# What to do
Only lines with the string "design" should be returned from the data below.
[[ Data for this exercise, beginning ]]
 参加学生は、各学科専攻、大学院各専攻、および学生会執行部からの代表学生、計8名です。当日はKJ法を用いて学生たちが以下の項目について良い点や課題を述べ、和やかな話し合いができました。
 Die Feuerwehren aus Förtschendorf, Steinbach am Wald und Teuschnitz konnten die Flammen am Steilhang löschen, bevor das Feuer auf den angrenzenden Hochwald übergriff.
[[ Data for this exercise, end ]]
[[ Data for this exercise, beginning ]]
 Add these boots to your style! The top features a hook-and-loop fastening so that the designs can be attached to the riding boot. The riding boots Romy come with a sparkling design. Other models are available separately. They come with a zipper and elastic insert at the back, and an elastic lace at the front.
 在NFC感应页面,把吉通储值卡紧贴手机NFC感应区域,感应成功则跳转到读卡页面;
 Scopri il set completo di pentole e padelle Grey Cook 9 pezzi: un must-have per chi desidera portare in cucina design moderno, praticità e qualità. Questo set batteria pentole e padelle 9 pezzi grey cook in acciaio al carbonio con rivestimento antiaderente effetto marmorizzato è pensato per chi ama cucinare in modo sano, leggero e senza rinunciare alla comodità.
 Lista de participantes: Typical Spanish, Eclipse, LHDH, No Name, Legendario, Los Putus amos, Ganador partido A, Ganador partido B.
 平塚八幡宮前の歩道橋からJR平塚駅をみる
[[ Data for this exercise, end ]]
# Result for this task
 Add these boots to your style! The top features a hook-and-loop fastening so that the designs can be attached to the riding boot. The riding boots Romy come with a sparkling design. Other models are available separately. They come with a zipper and elastic insert at the back, and an elastic lace at the front.
 Scopri il set completo di pentole e padelle Grey Cook 9 pezzi: un must-have per chi desidera portare in cucina design moderno, praticità e qualità. Questo set batteria pentole e padelle 9 pezzi grey cook in acciaio al carbonio con rivestimento antiaderente effetto marmorizzato è pensato per chi ama cucinare in modo sano, leggero e senza rinunciare alla comodità.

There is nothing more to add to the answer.